Task details: Going through the data below, please show each line containing the string "station".

Study material:
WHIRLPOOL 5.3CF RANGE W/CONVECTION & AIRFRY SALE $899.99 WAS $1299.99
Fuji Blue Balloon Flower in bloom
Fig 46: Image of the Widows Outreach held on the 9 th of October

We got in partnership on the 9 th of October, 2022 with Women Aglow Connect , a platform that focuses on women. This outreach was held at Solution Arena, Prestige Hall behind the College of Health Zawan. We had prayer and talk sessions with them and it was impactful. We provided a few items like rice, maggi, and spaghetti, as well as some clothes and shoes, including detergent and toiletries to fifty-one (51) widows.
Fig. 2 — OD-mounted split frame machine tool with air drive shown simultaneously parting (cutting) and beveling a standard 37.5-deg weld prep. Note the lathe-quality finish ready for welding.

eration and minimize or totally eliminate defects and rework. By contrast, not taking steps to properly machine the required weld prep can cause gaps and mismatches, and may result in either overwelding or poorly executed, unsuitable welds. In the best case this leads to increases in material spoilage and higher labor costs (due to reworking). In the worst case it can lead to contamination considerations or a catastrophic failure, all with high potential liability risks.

* * *

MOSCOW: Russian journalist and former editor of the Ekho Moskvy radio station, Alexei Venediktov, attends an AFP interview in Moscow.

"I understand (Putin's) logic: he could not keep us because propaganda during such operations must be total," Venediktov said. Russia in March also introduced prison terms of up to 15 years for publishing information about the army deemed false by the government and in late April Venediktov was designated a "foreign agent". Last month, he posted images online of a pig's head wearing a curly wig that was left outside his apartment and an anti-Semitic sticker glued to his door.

---

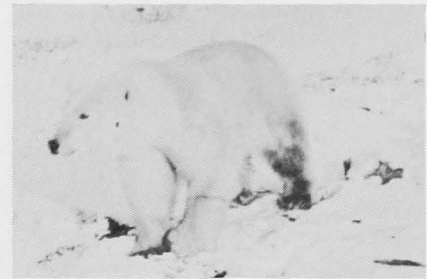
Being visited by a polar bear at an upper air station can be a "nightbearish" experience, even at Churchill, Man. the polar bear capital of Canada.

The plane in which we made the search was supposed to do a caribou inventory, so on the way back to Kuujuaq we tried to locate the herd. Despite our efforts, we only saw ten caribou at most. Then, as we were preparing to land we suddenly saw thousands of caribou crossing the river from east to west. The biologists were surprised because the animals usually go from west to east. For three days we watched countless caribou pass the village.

Answer to the exercise:
MOSCOW: Russian journalist and former editor of the Ekho Moskvy radio station, Alexei Venediktov, attends an AFP interview in Moscow.
Being visited by a polar bear at an upper air station can be a "nightbearish" experience, even at Churchill, Man. the polar bear capital of Canada.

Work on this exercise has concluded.